Popular film genres frequently evoke a feeling of familiarity, but they also present a chance to break the rules. By framing the main protagonist Akbar (Nivin Pauly) as bisexual, Moothon subverts traditional gender representations while still using the cliches of the gangster/crime genre.Director Geethu Mohandas portrays the queer romance with a tenderness that makes it universal, focusing on the friendship that develops between Akbar, a gangster, and Ameer, a gay man who is deaf (Roshan Mathew). The queering of the genre represents a genuine departure from the past because Indian gangster films are fixated on masculinity. The choice to cast Nivin Pauly, one of the biggest stars in south Indian cinema, as the main character makes this work all the more unusual. It had a significant impact on Moothon’s ability to reach a wider audience as well as on the notions of what it meant to be a contemporary star.

10. ‘Geeli Pucchi’ (2021)

Director: Neeraj Ghaywan

Neeraj Ghaywan, the director of the critically acclaimed debut movie Masaan (Crematorium, 2015), provided one of the best modern analyses of the caste system.
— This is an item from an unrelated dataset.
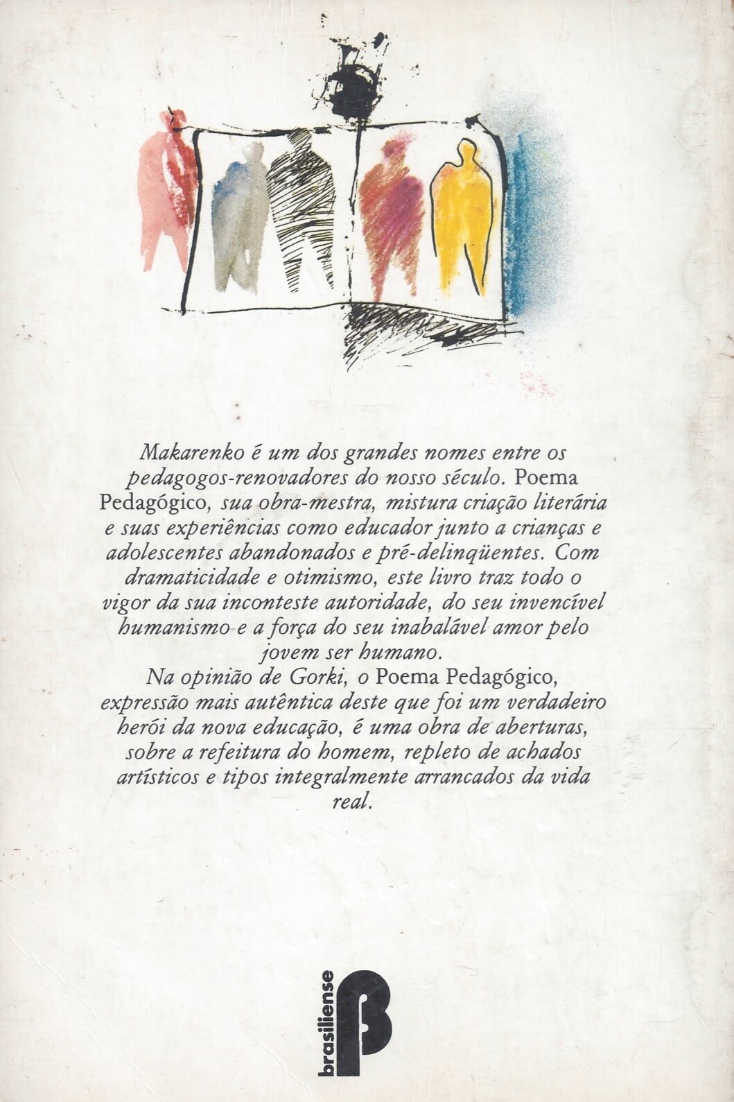 Makarenko é um dos grandes nomes entre os pedagogos-renovadores do nosso século. Poema Pedagógico, sua obra-mestra, mistura criação literária e suas experiências como educador junto a crianças e adolescentes abandonados e pré-delinqüentes. Com dramaticidade e otimismo, este livro traz todo o vigor da sua inconteste autoridade, do seu invencível humanismo e a força do seu inabalável amor pelo jovem ser humano.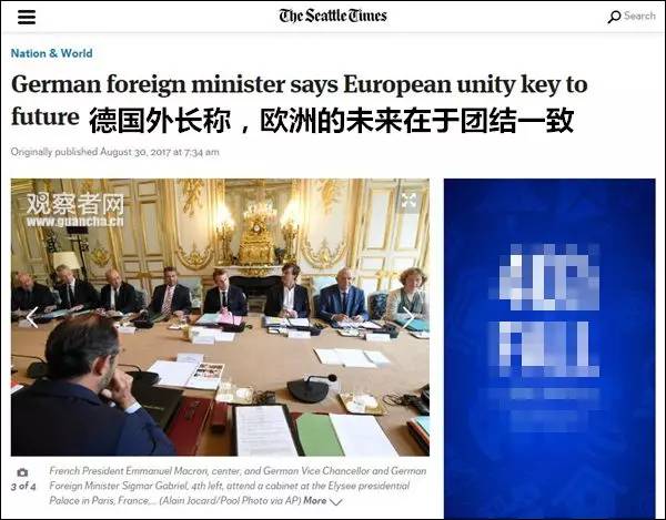 当地时间30日,德国外交部长加布里尔访问法国时呼吁欧盟保持团结,但是突然话锋一转,要求中国坚持一个欧盟的原则,不要分裂欧洲。

More recently, his ‘Geeli Pucchi’ segment of the four-part anthology film Ajeeb Daastaans (Strange Stories) makes the argument that understanding caste is essential to understanding sexuality because the two are intertwined but infrequently depicted together on screen. In the narrative, a Dalit worker named Bharti (Konkona Sen Sharma) falls in love with a Brahmin data operator named Priya (Aditi Rao Hydari). But it quickly becomes clear that Priya values her caste over her queerness. The film by Ghaywan provides a stark commentary on the ways that caste influences many people’s decisions, even when doing so means repressing sexuality and love. Thus, a rigid system of discrimination is maintained.